Unraveling the hardness of a borophene-based compound

TL;DR

This study investigates the stability and hardness of borophene-based tungsten borides, revealing how boron content and vacancies influence their mechanical properties, with implications for designing hard 2D materials.

Contribution

It provides new insights into how boron concentration and tungsten vacancies affect the stability and hardness of borophene-derived tungsten borides.

Findings

WB$_{3+x}$ approaches 40 GPa hardness for small x

High boron content reduces hardness and stability

Vacancy formation yields structures with stable hardness above 20 GPa

Abstract

Two-dimensional systems have strengthened their position as one of the key materials for novel applications.

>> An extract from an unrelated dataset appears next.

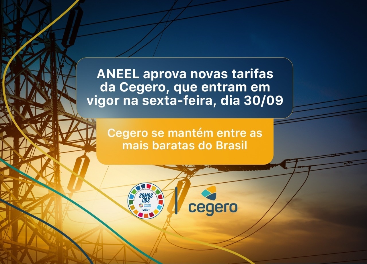 ANEEL aprova novas tarifas da Cegero, que entram em vigor na sexta-feira, 30/09/2022.

Very recently, boron joined the distinguished group of elements that are confirmed to possess 2D allotropes, named borophenes. In this work, we explore the stability and hardness of the highest boride of tungsten, which is regarded as built of borophenes separated by metal atoms. We show that WB$_{3+x}$ has Vickers hardnesses approaching 40 GPa only for small values of $x$. The insertion of extra boron atoms is, in general, detrimental for WB$_{3}$ in terms of hardness since leads to the formation of quasi-planar boron sheets that are less tightly connected with the adjacent W layers. Very high concentrations of boron ($x \approx 1$), give rise to a soft (Vickers hardness of about 8 GPa) and unstable $hP$20-WB$_{4}$ structure that can be considered as built of quasi-planar boron $\alpha$-sheets separated by graphitic W layers. On the other hand, we show that the formation of tungsten vacancies brings on structures, e.g. W$_{0.75}$B$_{3+x}$, with Vickers hardnesses that are less sensitive to variations in the boron content and are close in value to the experimentally reported load-independent values above 20 GPa.